May 1 (Bloomberg) -- The pound was within 0.2 percent of an 11-week high against the dollar as an industry report showed U.K. house prices were little changed in April.
The average cost of a home fell 0.1 percent from March to a seasonally adjusted 165,586 pounds ($257,300), Nationwide Building Society said. Prices rose 0.9 percent from a year earlier, the biggest annual increase in 14 months. U.K. government bonds were little changed before a separate report that economists said will show that U.K. manufacturing improved in April.
The pound traded at $1.5535 at 8:48 a.m. London time, after climbing to $1.5569 yesterday, the most since Feb. 13. The U.K. currency was at 84.78 pence per euro. It reached 83.98 pence on April 26, the strongest since Jan. 24.
An index of manufacturing activity based on a survey of purchasing managers rose to 48.5 last month from 48.3 in March, London-based Markit Economics will say today, according to the median estimate of 28 analysts in a Bloomberg News survey. A reading below 50 indicates contraction.
The pound has gained 1.2 percent in the past month, according to Bloomberg Correlation-Weighted Indexes that track 10 developed-nation currencies. Sterling is still down 3.2 percent this year.

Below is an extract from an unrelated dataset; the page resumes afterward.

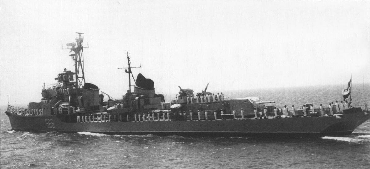 The Egyptian project 30-bis destroyer El-Zafer (Al-Zaffer, former the Soviet destroyer Smetlivyi).

The 10-year gilt yield was at 1.69 percent. The price of the 1.75 percent bond due in September 2022 was at 100.505. Two-year rates were at 0.23 percent.
Gilts returned 1.7 percent this year through yesterday, according to indexes compiled by Bloomberg and the European Federation of Financial Analysts Societies. German bonds rose 1 percent and U.S. Treasuries earned 0.9 percent.